Business as usual with WorldCom: Telecom

Telecom has no plans to increase its holding in the Southern Cross cable and speculation about the matter in the wake of the WorldCom scandal is premature, say Telecom public affairs manager Martin Freeth.

Telecom has no plans to increase its holding in the Southern Cross cable and speculation about the matter in the wake of the WorldCom scandal is premature, say Telecom public affairs manager Martin Freeth.

WorldCom owns 10% of the cable, Telecom 50% and Optus Cable and Wireless, owned by SingTel, 40%.

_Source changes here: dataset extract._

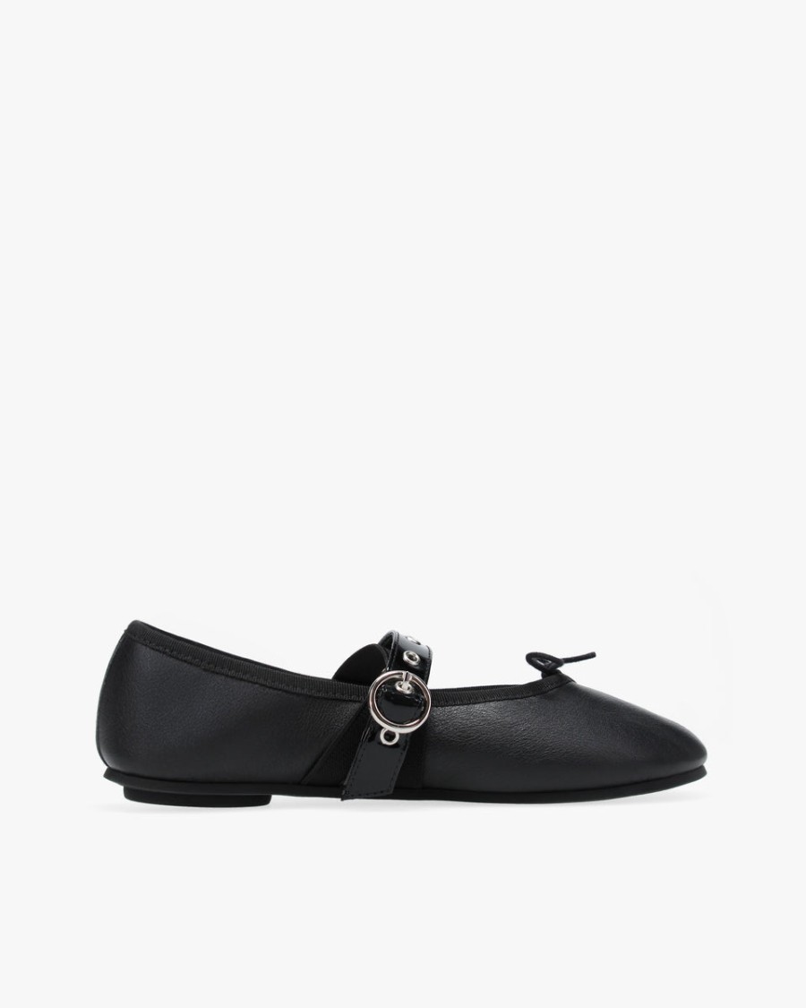 Details: Elasticized ballet flat with strap. Cowhide leather insole. Cotton lining. Rubber sole.

“As part of the shareholders’ agreement, there’s a mechanism for independent valuation of the shareholding.”

Freeth doesn’t believe any one shareholder has pre-emptive rights should WorldCom’s stake come on to the market.

“It would be worked out between the other shareholders.”

Telecom has business relations with WorldCom, which are continuing as the US carrier is reeling from revelations that $US3.8 million in operating expenses was booked as capital investment in its accounts.

“WorldCom provides some back-end data carriage off the US end of the cable and provides some data circuits for the private networks of New Zealand corporates operating in the US.

“We also have that relationship with other carriers in the US, so if need be, that traffic could be carried by others.”

Telecom also has international call traffic business with WordCom, in the form of bilateral exchange of call minutes and global transit call business, “which involves us picking up traffic from other carriers and delivering it to other countries through our points of presence in London, Tokyo and Los Angeles.”

It’s business as usual regarding the Telecom-WorldCom relationship, Freeth says “and while we’re being particularly cautious about the terms of credit, we’re comfortable and have minimal exposure.”

New Zealand customers of ISP Voyager are also potentially exposed, as WorldCom owns Voyager.

In the US, the fallout from WorldCom’s woes could hit telecom equipment manufacturers hard, as it had been one of the less conservative carriers when it came to buying.

Computerworld’s US sister publication Network World says Juniper Networks relies on WorldCom for at least 10% of its business and other suppliers, including some start-ups, had just signed or were about to sign significant deals with WorldCom.

WorldCom has temporarily suspended all purchase orders.